- **MATERIAL TO PROCESS**
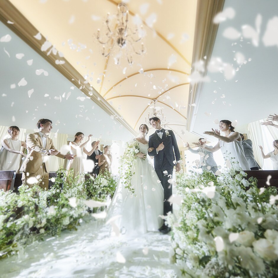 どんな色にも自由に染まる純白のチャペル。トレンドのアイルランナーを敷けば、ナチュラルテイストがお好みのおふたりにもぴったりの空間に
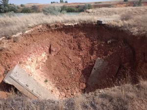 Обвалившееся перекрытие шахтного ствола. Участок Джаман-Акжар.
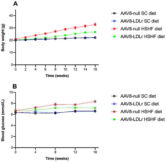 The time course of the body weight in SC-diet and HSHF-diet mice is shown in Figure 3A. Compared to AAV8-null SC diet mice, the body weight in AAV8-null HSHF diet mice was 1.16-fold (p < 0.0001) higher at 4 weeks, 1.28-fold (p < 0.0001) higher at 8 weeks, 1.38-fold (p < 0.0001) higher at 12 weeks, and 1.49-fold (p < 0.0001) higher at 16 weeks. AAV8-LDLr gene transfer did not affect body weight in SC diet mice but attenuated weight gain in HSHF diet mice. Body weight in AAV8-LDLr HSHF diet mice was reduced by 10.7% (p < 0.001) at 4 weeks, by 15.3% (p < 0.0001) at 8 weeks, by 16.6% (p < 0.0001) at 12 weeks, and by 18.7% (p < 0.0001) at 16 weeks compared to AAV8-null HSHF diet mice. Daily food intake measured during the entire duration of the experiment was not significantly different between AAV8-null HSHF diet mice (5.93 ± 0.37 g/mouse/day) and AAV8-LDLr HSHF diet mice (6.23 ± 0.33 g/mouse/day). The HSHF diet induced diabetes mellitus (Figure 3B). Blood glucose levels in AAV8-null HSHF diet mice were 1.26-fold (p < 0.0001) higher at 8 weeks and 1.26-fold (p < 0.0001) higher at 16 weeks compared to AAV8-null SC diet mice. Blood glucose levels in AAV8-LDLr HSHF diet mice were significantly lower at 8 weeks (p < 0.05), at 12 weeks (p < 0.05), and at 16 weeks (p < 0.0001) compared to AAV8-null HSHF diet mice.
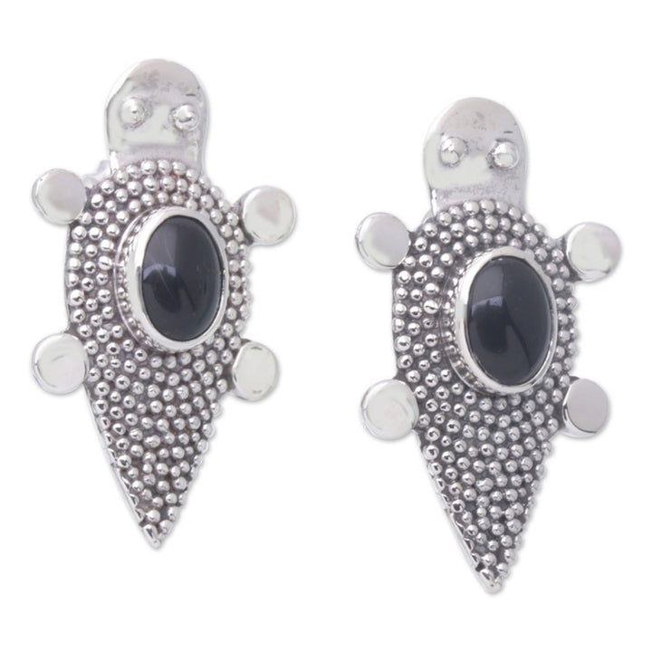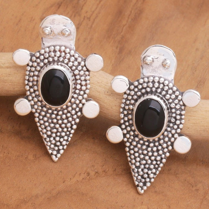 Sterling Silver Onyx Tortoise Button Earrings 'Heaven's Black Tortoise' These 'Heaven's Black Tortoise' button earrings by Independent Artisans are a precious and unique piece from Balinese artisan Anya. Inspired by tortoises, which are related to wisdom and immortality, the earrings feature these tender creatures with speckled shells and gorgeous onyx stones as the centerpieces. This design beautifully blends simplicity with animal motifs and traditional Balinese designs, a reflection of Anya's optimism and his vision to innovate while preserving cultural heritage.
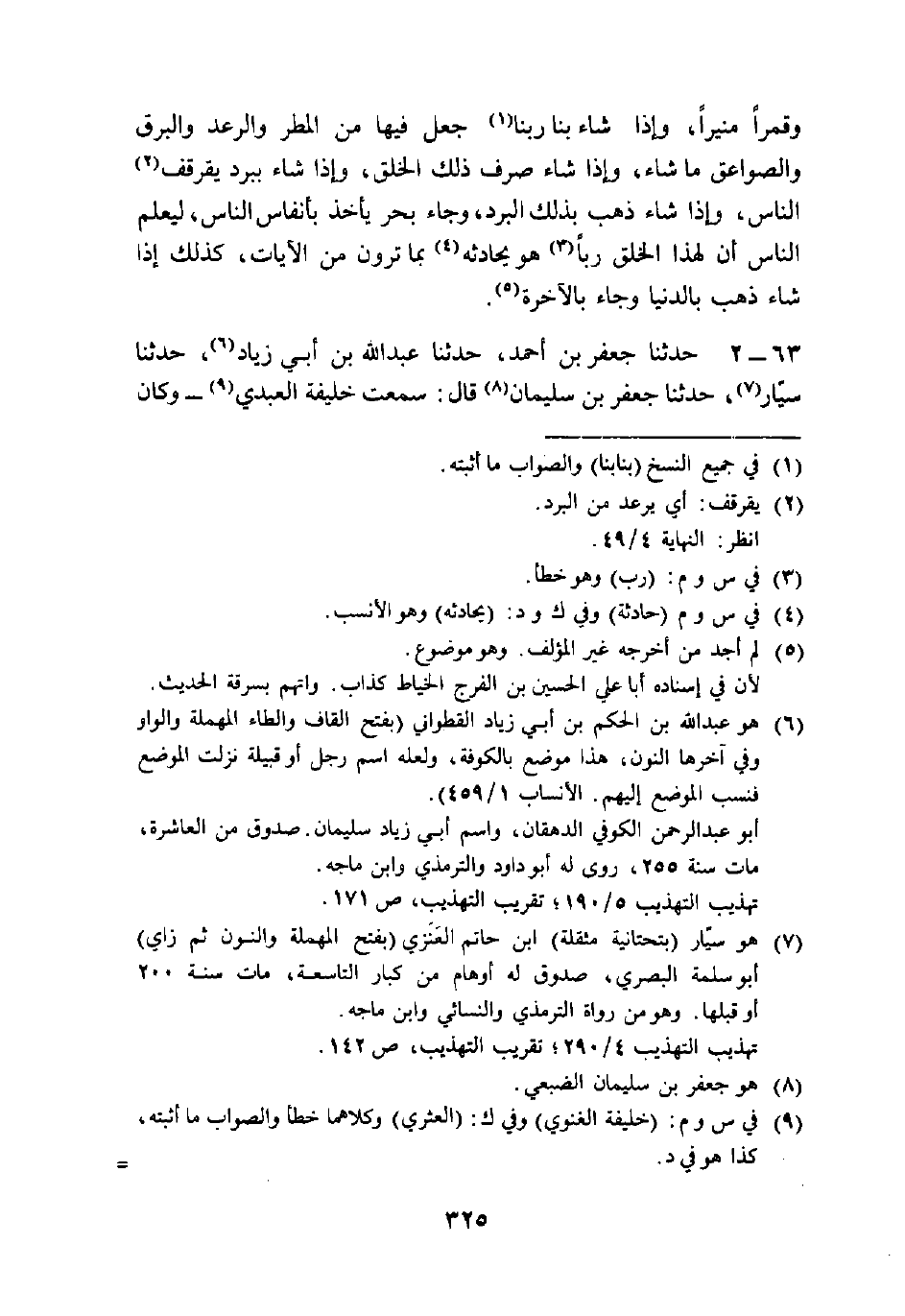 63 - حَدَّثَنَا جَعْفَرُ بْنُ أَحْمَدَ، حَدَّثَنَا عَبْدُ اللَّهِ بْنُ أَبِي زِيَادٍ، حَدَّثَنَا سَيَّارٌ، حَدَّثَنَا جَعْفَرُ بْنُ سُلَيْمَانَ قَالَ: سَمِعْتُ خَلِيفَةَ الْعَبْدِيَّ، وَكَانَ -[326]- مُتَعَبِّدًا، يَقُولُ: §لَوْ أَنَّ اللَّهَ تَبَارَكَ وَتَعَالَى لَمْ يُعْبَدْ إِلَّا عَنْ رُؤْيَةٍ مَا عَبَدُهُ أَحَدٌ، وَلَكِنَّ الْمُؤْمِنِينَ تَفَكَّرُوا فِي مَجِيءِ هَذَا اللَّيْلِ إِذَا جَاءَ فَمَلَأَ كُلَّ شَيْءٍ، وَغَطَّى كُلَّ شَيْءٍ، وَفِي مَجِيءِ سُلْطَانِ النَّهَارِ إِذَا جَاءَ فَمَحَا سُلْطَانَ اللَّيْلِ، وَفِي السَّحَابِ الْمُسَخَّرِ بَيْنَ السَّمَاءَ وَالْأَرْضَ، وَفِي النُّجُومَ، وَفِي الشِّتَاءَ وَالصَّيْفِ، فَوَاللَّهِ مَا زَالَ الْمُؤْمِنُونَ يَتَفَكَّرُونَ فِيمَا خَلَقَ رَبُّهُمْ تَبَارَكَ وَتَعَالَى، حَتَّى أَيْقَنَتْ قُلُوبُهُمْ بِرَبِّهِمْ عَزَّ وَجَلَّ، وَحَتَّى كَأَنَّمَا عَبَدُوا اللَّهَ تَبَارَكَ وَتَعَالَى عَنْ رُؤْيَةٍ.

- **TRY IT**
Your answer must be an exact copy of the lines from the start of the entries through the line with "Обвалившееся перекрытие шахтного", with no pictures.

- **SOLVED EXERCISE**
 どんな色にも自由に染まる純白のチャペル。トレンドのアイルランナーを敷けば、ナチュラルテイストがお好みのおふたりにもぴったりの空間に
 Обвалившееся перекрытие шахтного ствола. Участок Джаман-Акжар.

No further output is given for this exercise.